Tangled up in traffic troubles

Monday Musing

[ Junroi Mamai ]
As Monday approaches, the capital’s dwellers brace themselves up for the agonizing time they have to face while getting on the road for their destinations within the capital complex.
Only those who have to commute the distance between Itanagar and Banderdewa on NH 415 every day can relate to the untold sufferings one has to endure while negotiating the traffic amid the heat and the damaged roads.
Like every year, the monsoon has rendered NH 415 and various feeder roads in the sectors across the twin capital towns completely unmotorable and pothole-riddled, while the slow rate of work to upgrade the road to a four-lane highway is adding to our woes.
Most the office-goers have to leave for their offices much earlier in the day in order to make it on time.
“I leave at least two hours earlier to make sure that I reach office on time – usually around 8 am, when there are fewer cars on the road,” said a government staffer who lives in Nirjuli and drives to work in Itanagar.
Numerous school and college students also struggle with the problem on a daily basis to reach their institutes on time.

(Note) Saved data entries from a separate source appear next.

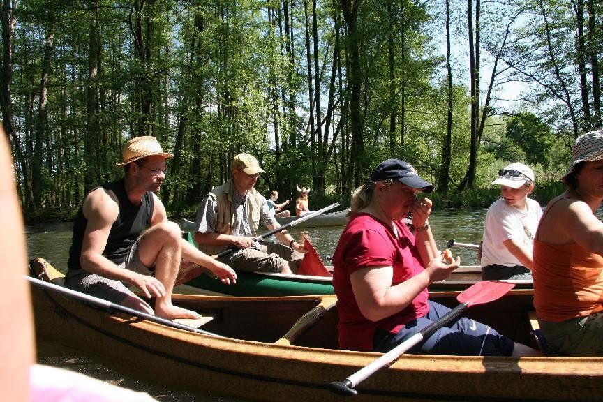Gepaddelt wird in der Gruppe und in allen Altersklassen. Das Tempo wird der jeweiligen Gruppe angepasst. Wir fahren in der Regel Canadier zu dritt oder viert mit Stechpaddeln. Sportliche Gäste können auch mit Kajak und Doppelpaddel die Tour absolvieren.
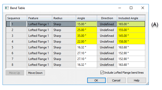 You can use the Move Up and Move Down buttons on the Bend Table dialog box to change the sequence of the bends.
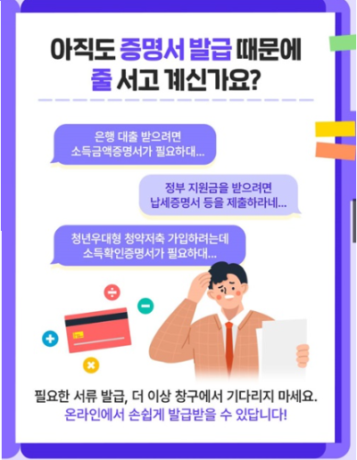 필요한 서류가 있어 공공기관이나 은행을 찾았던 기억, 누구에게나 있을 겁니다. 소득을 증명하라거나 납세 내역을 보여달라거나… 창구에서 줄 서고, 기다리고, 서류를 뽑느라 시간을 허비했던 날들.
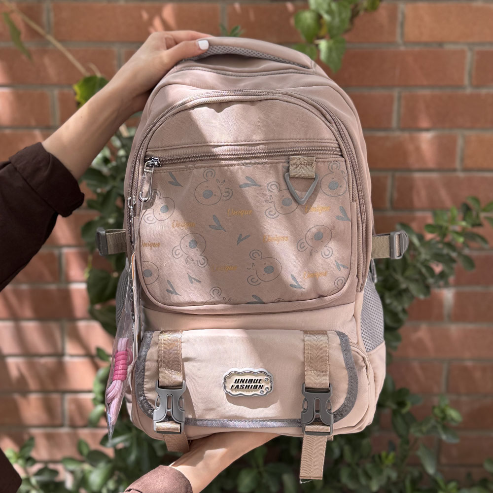 کوله پشتی فشن از جنس برزنت ضد آب می باشد. این کوله پشتی فانتزی به طور کامل آستر کشی دارد و دارای محفظه جداکننده داخل کوله ، برای تفکیک وسایل و همچنین دارای جیب بغل در طرفین ( جا قمقمه ) میباشد. ارتفاع این محصول 45، عرض 30 و عمق 14 سانتی متر است.

“It’s the same story every day. It has become tiresome. Traffic is unbearably congested, and on top of that is the sweltering heat. It’s worse when you have to sit in a Tempo, as the traffic barely moves,” said a student from Doimukh who attends school in Naharlagun.
Matters get even worse during medical emergencies. There are times when patients scheduled for specific treatment or surgeries are compelled to wait for the doctors to arrive as the doctors unfortunately get ensnared in the unforgiving traffic jams.
A woman claimed that on the day her father had been scheduled to have an operation at a private hospital in Naharlagun, they were made to wait for over an hour for the doctors to operate as the anaesthetist, who lived in Itanagar, had apparently been stuck in traffic that afternoon.
“My poor father had to lie on the operating table for that long as doctors and nurses awaited the anaesthetist to arrive. We were already tense at that moment, and all those hours of unnecessary waiting made us even more anxious,” she said.
There are numerous instances when traffic congestion caused troubles much more serious in nature for people in urgent need and emergency.
Amid all the troubles many of the capital’s dwellers have to endure, it is pathetic to note that the attitude of the authorities towards addressing this nagging issue has mostly remained nonchalant. Apart from the slow pace of work on NH 415, the fact that the execution of the Naharlagun-Borum bridge and the Itanagar Division IV bridge has been delayed following non-release of funds by the state government is disheartening. Once these bridges are completed, traffic would ease to a great extent. The capital’s dwellers deserve to be relieved of this perpetual harassment urgently.